HA is a useful diagnostic and serologic property shared by many different viruses. However, the conditions governing HA and the properties of hemagglutinins are very different, depending on the virus [29]. In previous studies, it was reported that some coronavirus agglutinate a variety of erythrocytes only under special conditions [2, 6]. Large variations exist among members of the family Coronaviridae in their ability to agglutinate erythrocytes. HEV readily agglutinates chicken erythrocytes at room temperature and forms a relatively permanent bond with the erythrocytes [10]. In the case of MHV, while several strains contain the HE glycoprotein, only the MHV-DVIM strain has been shown to cause hemagglutination [9, 27]. HA activity of IBV was first revealed after trypsin, phospholipase C, and neuraminidase treatment [6, 14]. Noda et al. [19] reported in 1987 that TGEV grown in primary swine kidney cell cultures agglutinated erythrocytes from chicken, guinea pig and cattle but not erythrocytes from mouse and goose at 4°C. It was also found that the HA reaction is effectively inhibited by specific antiserum.

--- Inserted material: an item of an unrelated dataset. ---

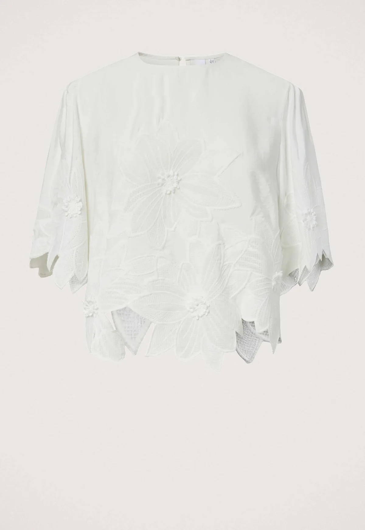 Dit is de 26040198 Mori Top van het merk YAS. Deze top heeft een regular pasvorm, driekwart mouwen en een ronde hals met knoopsluiting aan de achterkant. De top is afgewerkt met een bloemenborduursel.

Here, we describe the HA activity of two different strains of PEDV against erythrocytes of different origin. Both strains were able to agglutinate rabbit erythrocytes, but not the other types of erythrocytes. In addition, HA activity was only induced by treatment with either trypsin or neuraminidase, similar to that of TGEV and IBV. On the basis of these results, it can be concluded that the HA activity of PEDV is dependent on the removal of the neuraminic acid on the virion surface through either trypsin or neuraminidase treatment. The ability of PEDV to agglutinate rabbit erythrocytes, but not chicken or pig erythrocytes, can be used as a diagnostic tool to differentiate PED from TGE infection. This is particularly useful because both PEDV and TGEV infections exhibit similar clinical manifestations, and differentiation by other methods such as RT-PCR, ELISA or other commercial test kits is rather expensive. Further studies are needed to understand the mechanism of PEDV HA activity. Nonetheless, these findings provide primary insight for the development of new diagnostic methods for PEDV detection.